Tuesday, July 11, 2006

Theories and Methods - Narrative Therapy

In narrative therapy the therapist assumes the role of explorer by gathering and examining the myths and patterns that shape the lives of an individual or family system. The therapist focuses on understanding the client’s experiences and how those experiences create expectations through stories. Our stories influence our views of the present and future and contain the things that we choose to remember and notice in our lives. Life Stories are filter narratives that serve as gatekeepers for our experiences. These stories function to weed out experiences that do not fit the plot of our lives, or alter the experiences until they fit the plot.
Narrative therapy is influenced by social constructionism which states that: realities are socially constructed, constituted through language, organized into narratives, and that there are no meta-truths. Furthermore, therapists in this mould are encouraged to collaborate with clients, search for counter-narratives (those narratives that function in opposition to dysfunctional narratives), use questions for clarification and insight into new stories, and help people author new stories apart from those that derive from culturally dominant sources. The postmodern approach that underlies much of narrative therapy forces the therapist to eschew labels and diagnosis in order to re-humanize the client.

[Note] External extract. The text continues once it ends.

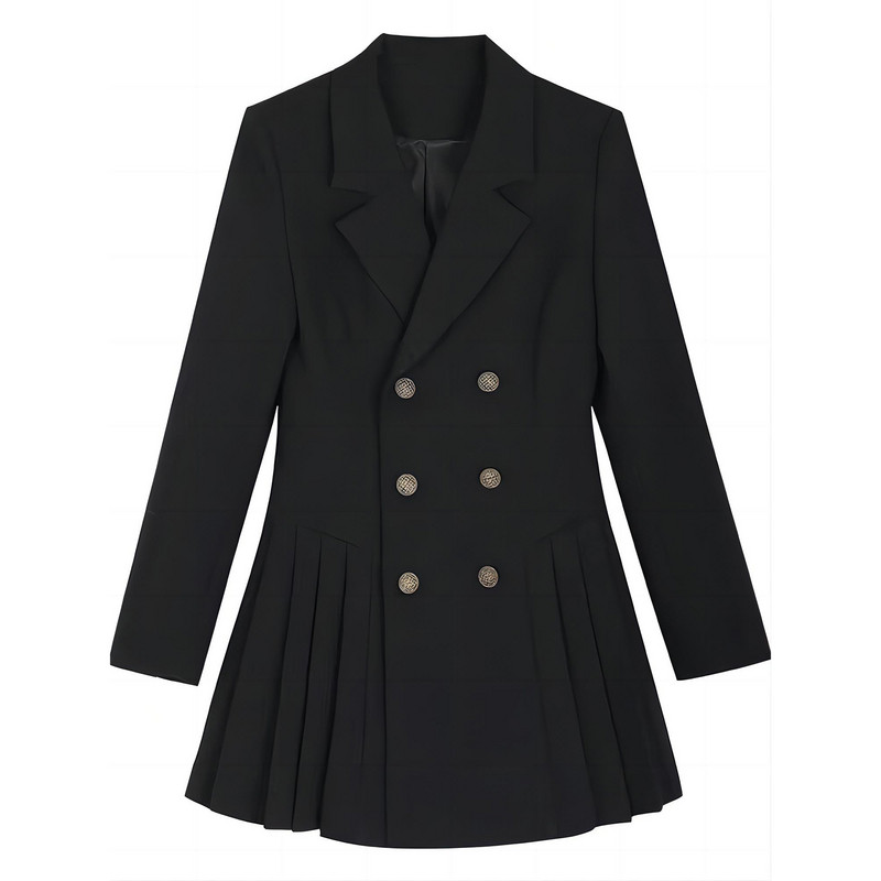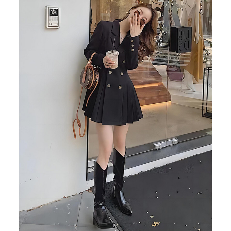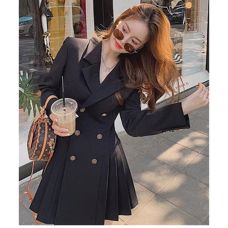 时尚长袖百褶连衣裙 百搭黑色裙子

The goal of narrative therapy is the awakening of the client to the experiences before them and the co-authoring of new stories that speak of the way a person wishes to relate to the world. Therapists seek to remove (externalize) the problem from the person so that a separate entity is created and attacked apart from the person. Moreover, through careful use of questions the narrative therapist can get to know the client apart from the problem, further externalize the problem and examine its effects on the person, and help the person re-author dominant stories and deconstruct cultural stories that may hold a person back.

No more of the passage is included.